Adsorption and conformations of lysozyme and α-lactalbumin at a water-octane interface.

机构信息

School of Chemistry, National University of Ireland Galway, Galway, Ireland.

出版信息

J Chem Phys. 2017 Nov 21;147(19):195101. doi: 10.1063/1.4994561.

DOI:10.1063/1.4994561
PMID:29166117
Abstract

As proteins contain both hydrophobic and hydrophilic amino acids, they will readily adsorb onto interfaces between water and hydrophobic fluids such as oil. This adsorption normally causes changes in the protein structure, which can result in loss of protein function and irreversible adsorption, leading to the formation of protein interfacial films. While this can be advantageous in some applications (e.g., food technology), in most cases it limits our ability to exploit protein functionality at interfaces. To understand and control protein interfacial adsorption and function, it is necessary to understand the microscopic conformation of proteins at liquid interfaces.
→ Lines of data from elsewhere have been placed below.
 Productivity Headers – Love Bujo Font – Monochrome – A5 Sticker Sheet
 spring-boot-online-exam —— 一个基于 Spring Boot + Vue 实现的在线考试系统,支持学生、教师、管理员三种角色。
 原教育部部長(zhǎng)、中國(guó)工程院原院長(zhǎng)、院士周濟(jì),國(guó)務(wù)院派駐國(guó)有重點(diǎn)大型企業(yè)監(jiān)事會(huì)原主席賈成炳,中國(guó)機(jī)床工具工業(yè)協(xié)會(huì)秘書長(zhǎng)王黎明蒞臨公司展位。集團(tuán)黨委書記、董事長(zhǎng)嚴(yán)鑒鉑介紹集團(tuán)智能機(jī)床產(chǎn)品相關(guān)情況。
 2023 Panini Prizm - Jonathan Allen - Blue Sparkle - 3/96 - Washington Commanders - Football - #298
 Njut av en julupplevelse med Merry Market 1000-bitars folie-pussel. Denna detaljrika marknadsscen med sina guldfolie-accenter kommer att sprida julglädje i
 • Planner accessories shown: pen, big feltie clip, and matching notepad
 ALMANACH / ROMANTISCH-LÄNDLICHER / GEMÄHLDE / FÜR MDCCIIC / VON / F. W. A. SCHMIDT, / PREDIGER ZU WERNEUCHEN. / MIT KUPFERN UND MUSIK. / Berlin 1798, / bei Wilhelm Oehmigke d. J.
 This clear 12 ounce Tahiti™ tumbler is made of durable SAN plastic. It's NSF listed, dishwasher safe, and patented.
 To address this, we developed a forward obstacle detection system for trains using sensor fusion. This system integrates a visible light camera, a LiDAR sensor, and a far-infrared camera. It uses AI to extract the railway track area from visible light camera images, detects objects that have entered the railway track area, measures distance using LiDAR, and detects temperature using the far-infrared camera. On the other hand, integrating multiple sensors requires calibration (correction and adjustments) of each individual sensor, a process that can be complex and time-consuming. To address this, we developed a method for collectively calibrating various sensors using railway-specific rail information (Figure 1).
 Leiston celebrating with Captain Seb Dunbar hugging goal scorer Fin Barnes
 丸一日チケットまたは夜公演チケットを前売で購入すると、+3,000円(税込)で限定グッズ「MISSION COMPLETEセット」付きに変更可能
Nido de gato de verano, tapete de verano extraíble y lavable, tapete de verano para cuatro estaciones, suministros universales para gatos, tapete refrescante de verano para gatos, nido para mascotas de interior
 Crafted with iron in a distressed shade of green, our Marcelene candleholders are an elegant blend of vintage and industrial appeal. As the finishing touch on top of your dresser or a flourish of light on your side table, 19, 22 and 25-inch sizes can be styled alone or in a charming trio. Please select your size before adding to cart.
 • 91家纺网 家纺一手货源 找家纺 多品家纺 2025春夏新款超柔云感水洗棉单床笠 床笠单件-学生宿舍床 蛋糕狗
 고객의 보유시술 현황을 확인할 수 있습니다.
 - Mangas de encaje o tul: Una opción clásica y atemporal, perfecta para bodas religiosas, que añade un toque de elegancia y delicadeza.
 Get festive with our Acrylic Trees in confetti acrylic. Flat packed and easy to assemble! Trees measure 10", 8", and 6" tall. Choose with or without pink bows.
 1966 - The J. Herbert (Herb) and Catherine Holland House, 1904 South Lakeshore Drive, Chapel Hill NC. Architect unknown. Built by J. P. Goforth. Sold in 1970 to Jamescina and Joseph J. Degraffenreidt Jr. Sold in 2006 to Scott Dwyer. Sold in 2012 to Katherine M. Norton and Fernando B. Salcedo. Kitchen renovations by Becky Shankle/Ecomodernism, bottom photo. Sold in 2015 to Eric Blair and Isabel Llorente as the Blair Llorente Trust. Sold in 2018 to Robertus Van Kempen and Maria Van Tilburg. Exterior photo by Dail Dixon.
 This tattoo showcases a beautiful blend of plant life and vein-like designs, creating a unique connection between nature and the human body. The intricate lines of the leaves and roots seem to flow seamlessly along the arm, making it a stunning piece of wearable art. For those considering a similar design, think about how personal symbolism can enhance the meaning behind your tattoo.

In this paper, molecular dynamics simulations are used to investigate the adsorption and conformation of two similar proteins, lysozyme and α-lactalbumin, at a water-octane interface. While they both adsorb onto the interface, α-lactalbumin does so in a specific orientation, mediated by two amphipathic helices, while lysozyme adsorbs in a non-specific manner. Using replica exchange simulations, both proteins are found to possess a number of distinct interfacial conformations, with compact states similar to the solution conformation being most common for both proteins. Decomposing the different contributions to the protein energy at oil-water interfaces suggests that conformational change for α-lactalbumin, unlike lysozyme, is driven by favourable protein-oil interactions. Revealing these differences between the factors that govern the conformational change at interfaces in otherwise similar proteins can give insight into the control of protein interfacial adsorption, aggregation, and function.

摘要

由于蛋白质既含有疏水氨基酸又含有亲水氨基酸,因此它们会轻易地吸附在水和疏油液体(如油)之间的界面上。这种吸附通常会导致蛋白质结构发生变化,从而导致蛋白质功能丧失和不可逆吸附,形成蛋白质界面膜。虽然这在某些应用中可能是有利的(例如食品技术),但在大多数情况下,它限制了我们在界面处利用蛋白质功能的能力。为了理解和控制蛋白质界面吸附和功能,有必要了解蛋白质在液体界面处的微观构象。在本文中,使用分子动力学模拟研究了两种相似蛋白质溶菌酶和α-乳白蛋白在水-辛烷界面上的吸附和构象。虽然它们都吸附在界面上,但α-乳白蛋白通过两个两亲性螺旋以特定的取向吸附,而溶菌酶则以非特异性的方式吸附。使用复制交换模拟,发现两种蛋白质都具有许多不同的界面构象,与溶液构象相似的紧凑状态对两种蛋白质都最常见。分解蛋白质在油水界面上的能量的不同贡献表明,与溶菌酶不同,α-乳白蛋白的构象变化是由有利的蛋白质-油相互作用驱动的。揭示这些相似蛋白质界面构象变化的控制因素之间的差异,可以深入了解蛋白质界面吸附、聚集和功能的控制。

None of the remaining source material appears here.